I don’t even think it’s correct. The sun is the main source of energy for most living things but there’s also life near hydrothermal vents etc.
I don’t know who Jenkins is, but this model appears to be very fond of them and the particular fact about water.
I suppose fast and inaccurate is better than slow and inaccurate.
The "new" on huggingface banner has weights that were uploaded 11 months ago, and it's 2B params. Work on this in the repo is 2 years old.
The amount of publicity compared to the anemic delivery for BitNet is impressive.
If Microslop aren't gonna train the model themselves to prove their own thesis, why would others? They've had 2 years (I think?) to prove BitNet in at least some way, are you really saying they haven't tried so far?
Personally that makes it slightly worrisome to just take what they say at face value, why wouldn't they train and publish a model themselves if this actually led to worthwhile results?
So it's not a inference framework for 1-bit models (two states per parameter) but for 1.58 bit models (three states per parameter). Annoying that they try to mix up the two.
I'm hoping that today's complaints are tomorrow's innovations. Back when 1Mb hard drive was $100,000, or when Gates said 640kb is enough.
Perhaps some 'in the (chip) industry' can comment on what RAM manufacturers are doing at the moment - better, faster, larger? Or is there not much headroom left and it's down to MOBO manufacturers, and volume?
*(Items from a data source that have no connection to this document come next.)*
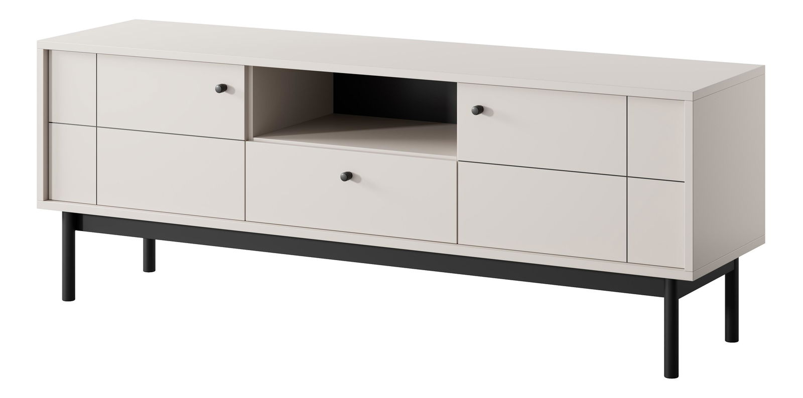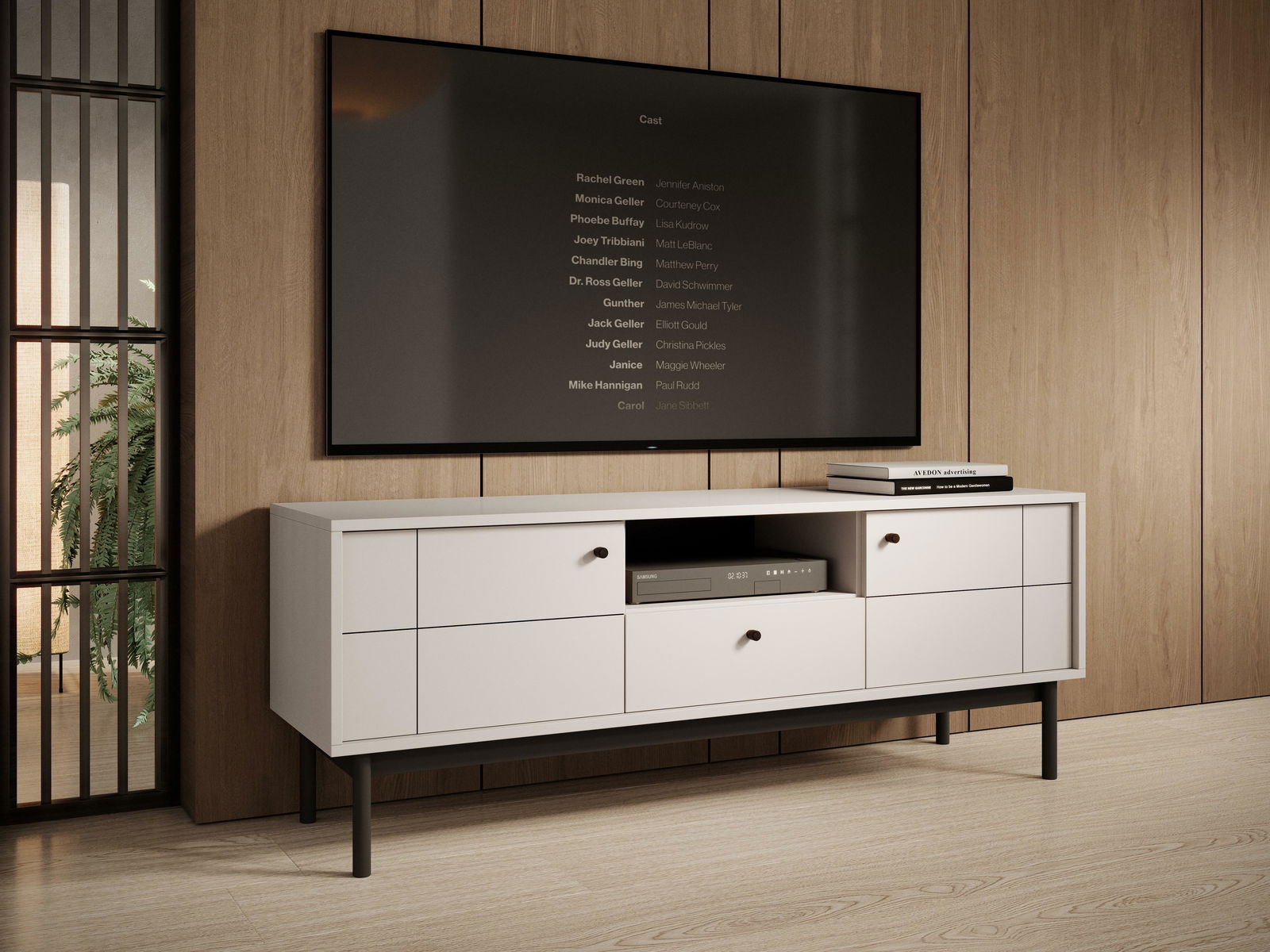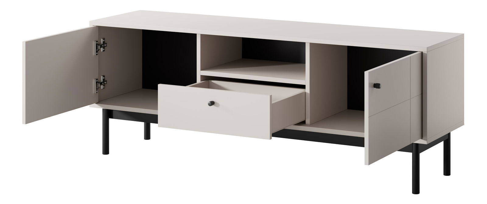 ZobrazitTV stolek Japandan je ideálním doplňkem do moderního obývacího pokoje, kde skvěle poslouží jako praktické a stylové úložné řešení. Vyroben z laminované ABS desky o tloušťce 16 mm, je odolný a připravený vydržet každodenní používání. Stolek má dřevěné nožičky v černé barvě, které zajišťují stabilitu, a kovové úchyty také v černé barvě, které dodávají stolku elegantní vzhled. Se dvěma dvířky a jednou zásuvkou poskytuje dostatek úložného prostoru pro elektroniku, příslušenství a další předměty. Produkt je balen v kompaktním balíku o rozměrech 169 x 45 x 10 cm a váží 33 kg, což usnadňuje přepravu a montáž.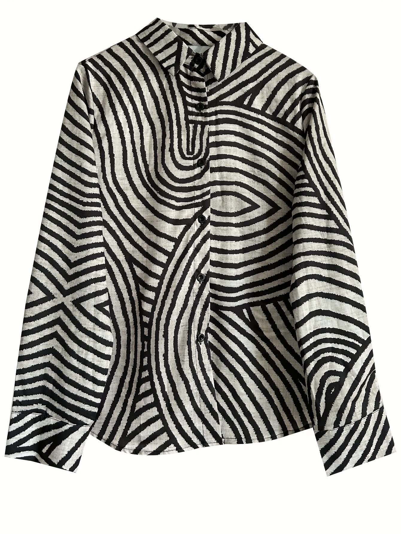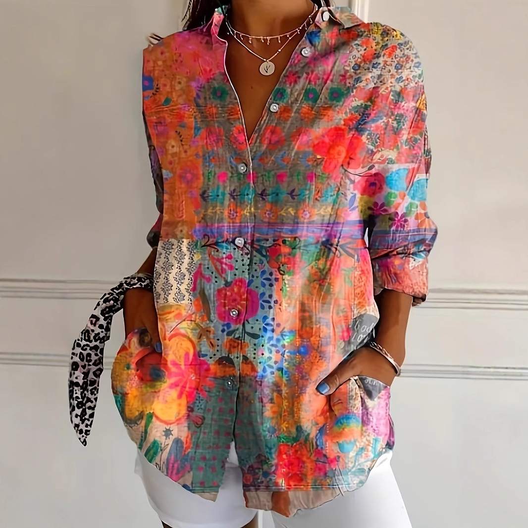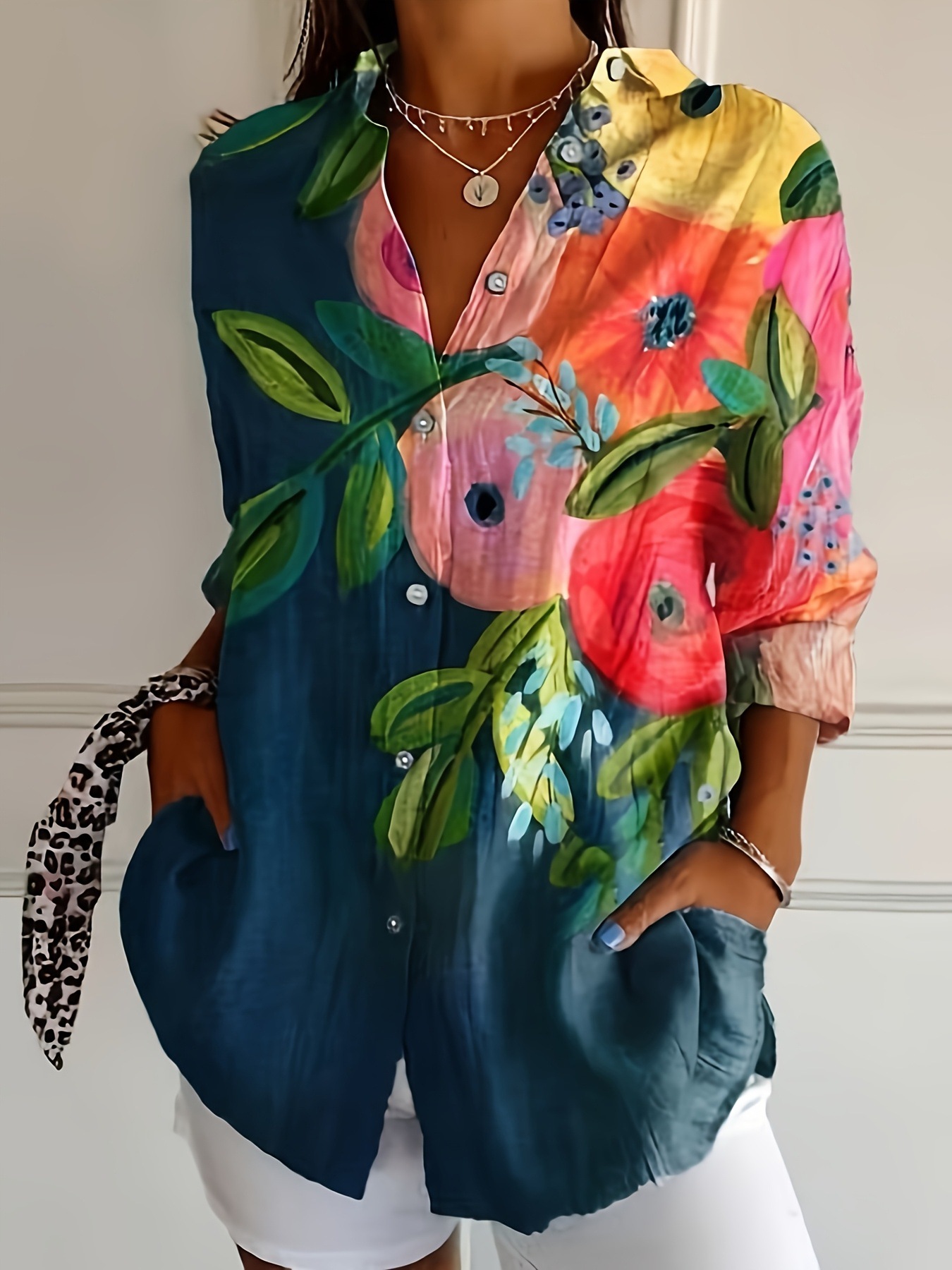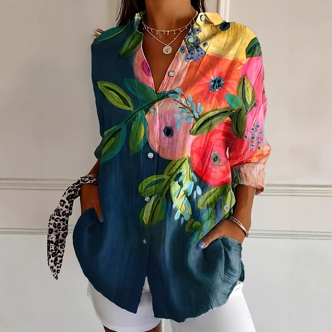 유럽과 미국의 아마존 신상 패션 루즈핏 프린트 캐주얼 휴가 셔츠 여성 버튼 셔츠 탑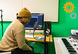Reserve recording spaces with access to studio mics, cameras, green screen and other audio, video and photography equipment.

You'd still need full GPUs for training, but for inference the hardware would be orders of magnitude simpler than what Nvidia is making
A claude 4.6 they are most certainly not, but if you get through the janky AF software ecosystem they can run small LLMs reasonably well with basically zero CPU/GPU usage
I was under the impression that they were primarily designed for low power use.
I happened to "live" on 7.0-7.5 tok/sec output speed for a while, and it is an annoying experience. It is the equivalent of walking behind someone slightly slower on a footwalk. I dealt with this by deliberately looking away for a minute until output was "buffered" and only then started reading.
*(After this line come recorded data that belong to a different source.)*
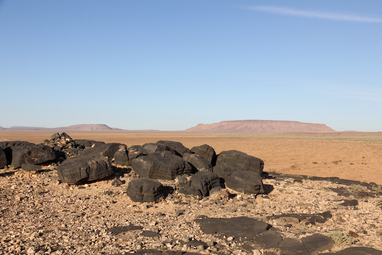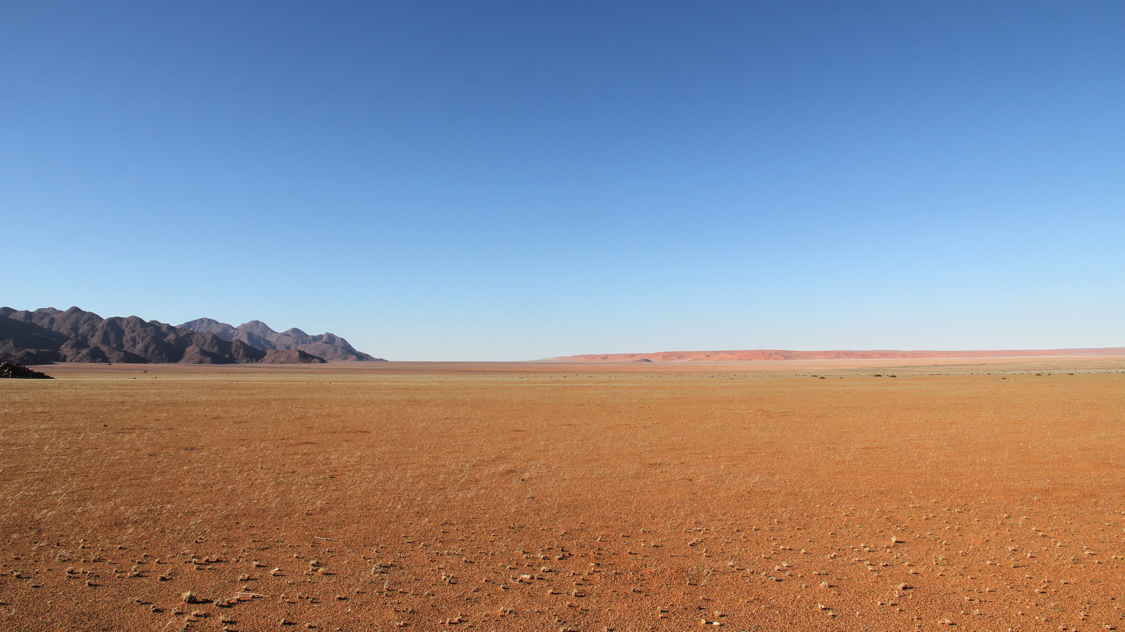 die Landschaft flach und öde, der langweilige Teil der Namib-Wüste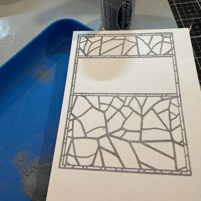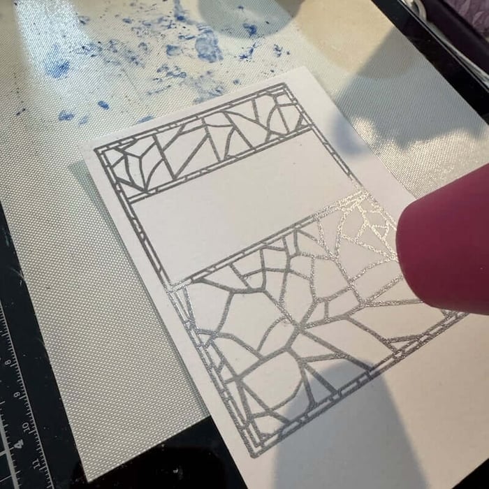 Sprinkle silver embossing powder over the image and tap the edges to remove any excess powder.
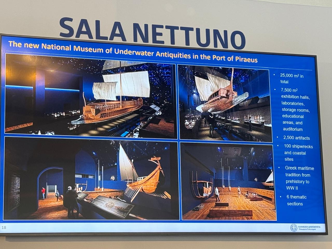 Εκτενή αναφορά έκανε στην ίδρυση του Εθνικού Μουσείου Εναλίων Αρχαιοτήτων, ενός εμβληματικού έργου το οποίο θα στεγαστεί στο κτήριο του ΣΙΛΟ, την π. σιταποθήκη της δεκαετίας του '30 στο λιμάνι του Πειραιά. Η ίδρυση του Μουσείου, πέραν της ανάδειξής του σε τοπόσημο, στο μεγαλύτερο λιμάνι της χώρας μας, συμπληρώνει ένα σημαντικό κενό στο μουσειακό χάρτη της πατρίδας μας. Η Ελλάδα, κατ΄ εξοχήν ναυτική χώρα, δεν διαθέτει μέχρι σήμερα ένα Μουσείο για την προβολή της ενάλιας πολιτιστικής της κληρονομιάς της, από την απώτατη προϊστορία ως τον Β΄ Παγκόσμιο Πόλεμο. Μέσα από περιβαλλοντικές και τεχνολογικές καινοτομίες, το Μουσείο ιδρύεται για να αποτελέσει σημείο αναφοράς, όχι μόνο στη μουσειολογική του σύλληψη και τα εκθέματα υψηλής αξίας που θα φιλοξενεί, αλλά και ως εκπαιδευτικό και συνεδριακό κέντρο, διεθνούς ακτινοβολίας.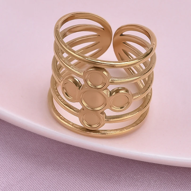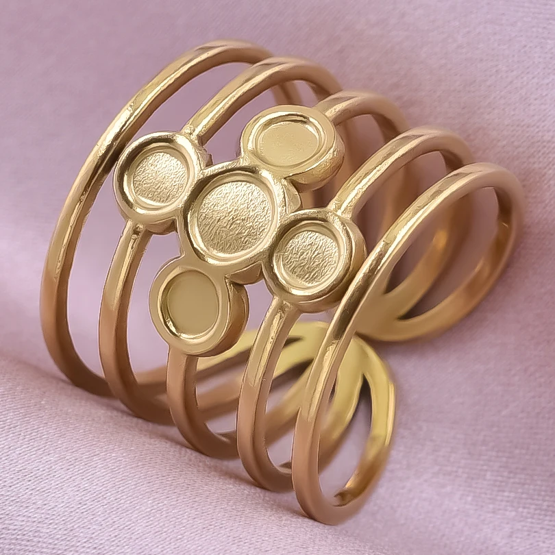 ٦ قطع/عبوة من حلقات مطلية بالذهب بقاعدة من الفولاذ المقاوم للصدأ، خواتم مفاصل فارغة يمكنك صنعها بنفسك للنساء، مجوهرات ساحرة لا يتغير لونها، بيع بالجملة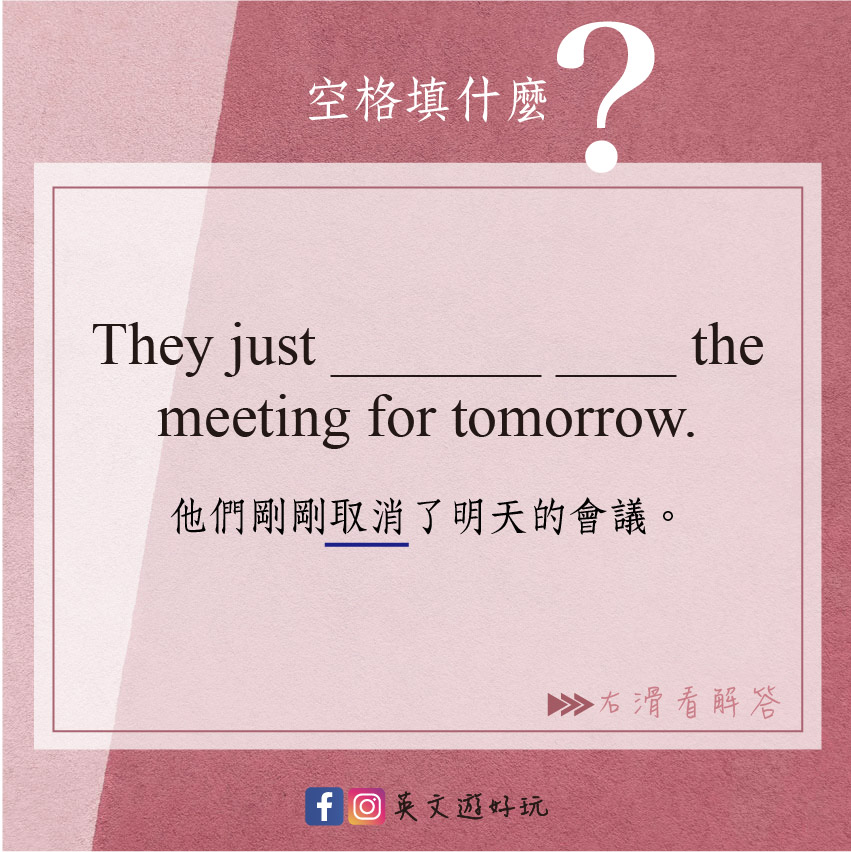 - They just called off the meeting for tomorrow. 他們剛剛取消了明天的會議。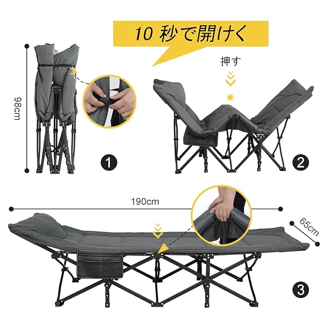 折りたたみベットの側に付けな袋は携帯電話、水などを保管できる、使いやすいです

For any local setup I'd try to reach for 10 tok/sec. Sacrifice some kv cache and shove a few more layers on your GPU, it's worth it.
How? They can validate thousands if not millions of queries but nothing prevent the millions-th-and-one from being a hallucination. People who would then pay extra for a "Encyclopedia Britanica validated LLM" would then, rightfully so IMHO, complain that "it" suggested them to cook with a dangerous mushroom.
But it seems the biggest model available is 10B? Somewhat unusual and does make me wonder just how challenging it will be to train any model in the 100B order of magnitude.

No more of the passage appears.